The claims made by plaintiff herein were concededly made upon Merry Tiller on either October 31, 1989, by the letter sent to Merry Tiller from Taylor’s carrier, or December 12, 1991, when service on the lawsuit was obtained. These dates are clearly outside the policy period, and there is no coverage for plaintiffs claim under the policy.

The United States Court of Appeals for the Sixth Circuit, applying Ohio law, was faced with similar facts in A.C. Strip, supra. Strip had purchased separate claims made policies from Pacific Employers Insurance Company (“Pacific”) and from the Home Insurance Company (“Home”). Id. at 183. The Pacific policy was effective August 2, 1984 through August 2, 1985. Id. The Home policy was effective August 2,1985 through August 2, 1986. Id. at 188.

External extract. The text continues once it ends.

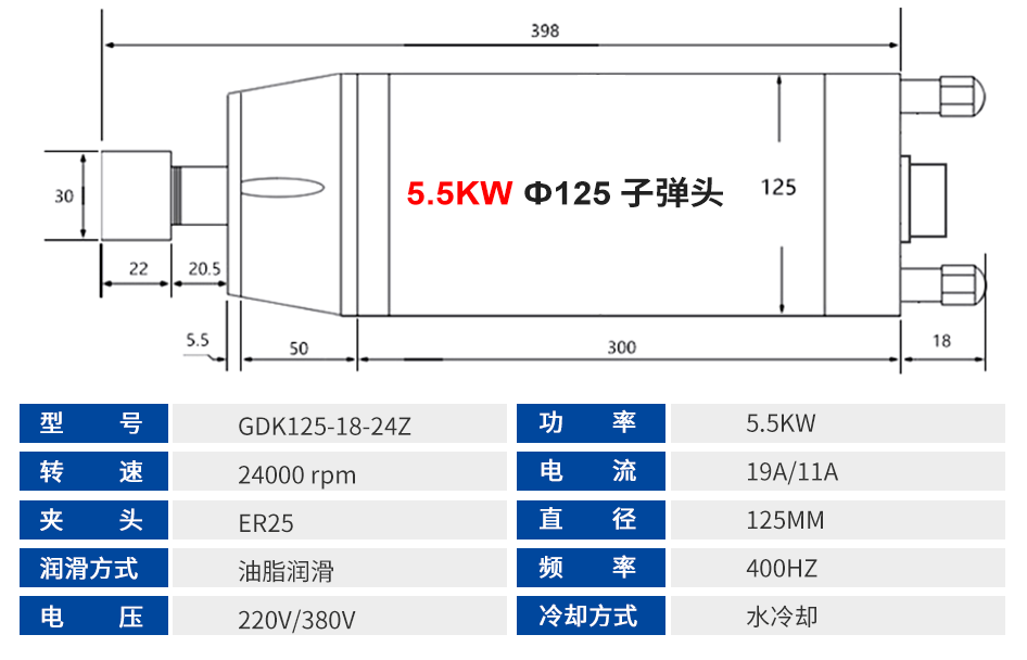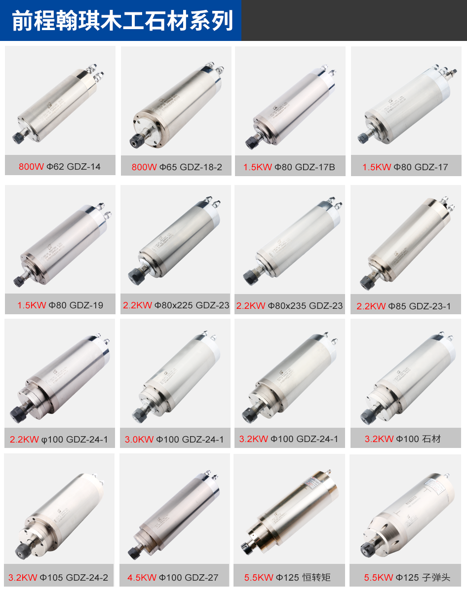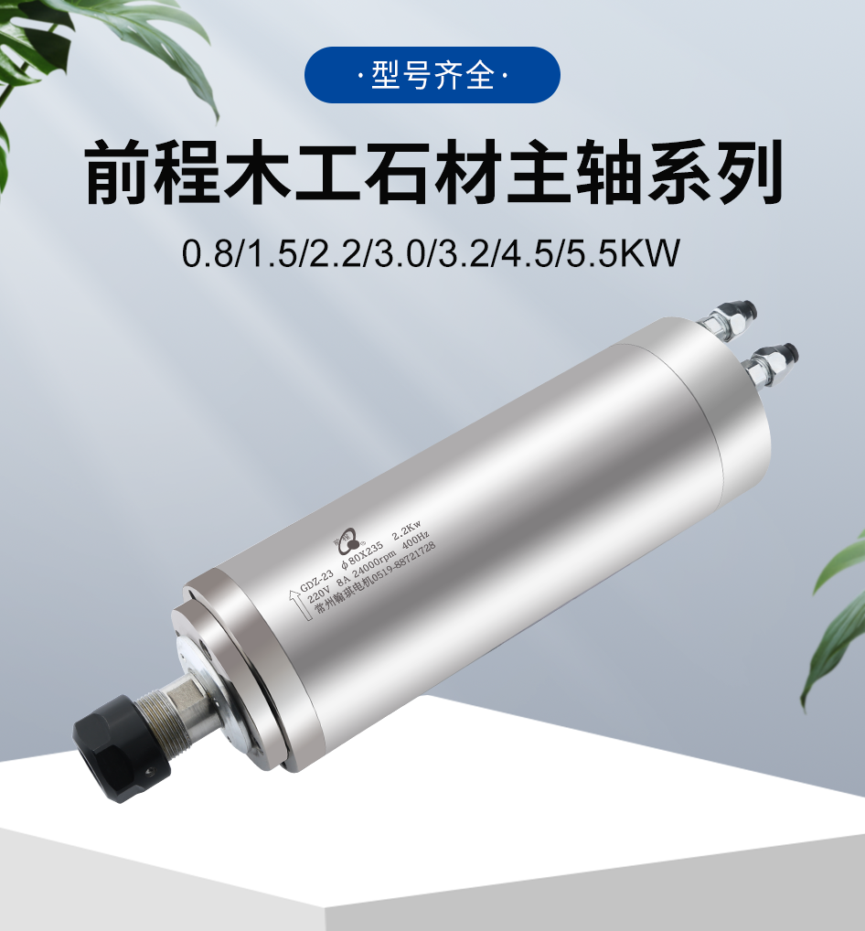 木工雕刻机配件电主轴 主轴电机 前程翰琪HQD 0.8/1.5/2.2/3.0/3.2/4.5/5.5KW圆形水冷主轴

A claim was first made upon Strip on July 25, 1985, however, Strip did not report the claim to Pacific until August 19, 1985, seventeen days after the end of the policy period. Id., 868 F.2d at 185. The Pacific policy required the claim to be “first made against the insured and reported to the company during the policy period.” Id. at 185. The Sixth Circuit affirmed the district court’s entry of summary judgment in favor of Pacific, holding:

“[T]he Pacific claims made policy issued to Strip covers claims that were made and reported between August 2, 1984 and August 2, 1985. It is undisputed that the July 25, 1985 claim against Strip was not reported to Pacific’s agent until August 19, 1985. Under these circumstances, Pacific is not liable to Strip for a defense or indemnity from the July 25 claim.” Id. at 187.

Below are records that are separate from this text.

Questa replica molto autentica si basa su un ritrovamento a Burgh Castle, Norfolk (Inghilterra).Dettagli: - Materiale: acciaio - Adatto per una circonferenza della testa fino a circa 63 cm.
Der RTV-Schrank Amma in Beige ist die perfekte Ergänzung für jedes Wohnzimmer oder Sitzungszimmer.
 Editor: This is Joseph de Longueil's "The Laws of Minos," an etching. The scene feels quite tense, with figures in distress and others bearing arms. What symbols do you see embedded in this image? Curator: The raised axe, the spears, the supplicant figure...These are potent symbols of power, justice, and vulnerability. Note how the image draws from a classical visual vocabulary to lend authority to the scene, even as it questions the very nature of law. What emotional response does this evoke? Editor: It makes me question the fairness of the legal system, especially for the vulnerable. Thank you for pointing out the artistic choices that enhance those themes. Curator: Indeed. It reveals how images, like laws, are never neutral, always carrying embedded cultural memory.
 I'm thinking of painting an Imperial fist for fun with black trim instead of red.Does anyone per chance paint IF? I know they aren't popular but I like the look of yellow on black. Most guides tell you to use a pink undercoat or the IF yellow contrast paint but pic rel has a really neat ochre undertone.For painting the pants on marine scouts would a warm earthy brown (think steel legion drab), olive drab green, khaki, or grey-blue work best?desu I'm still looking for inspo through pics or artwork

Correspondingly, with respect to the Home policy, because the claim was first made upon Strip on July 25, 1985, eight days prior to the beginning of Home’s policy period, the district court entered summary judgment in favor of Home, holding that the policy did not cover the claim because the claim was asserted prior to the effective date of Home’s coverage. Id., 868 F.2d at 184. Similar to ISOP’s policy, the Home policy required the claim to be “first made against the insured during the policy period.” Id. at 189. In affirming the district court, the Sixth Circuit held:

“The simple answer to Strip’s argument is that it ignores the language in the first paragraph of Section 1 which requires that, even for acts occurring prior to the policy period, the claim must be made against the insured during the policy period. Such was not the case here, where the claim was first made on July 25, 1985, but the policy period did not begin until August 2, 1985. Under the plain language of the Home policy, Home is not liable to Strip.” Id.

Just as in A.C. Strip, the October 31, 1989 claim upon Merry Tiller was before the policy period, and the December 12, 1991 service of process upon Merry Tiller was after the policy period. Thus, neither triggered coverage under the policy.

Plaintiffs assignment of error is overruled.

Judgment affirmed.

Matia, P.J., and Karpinski, J., concur.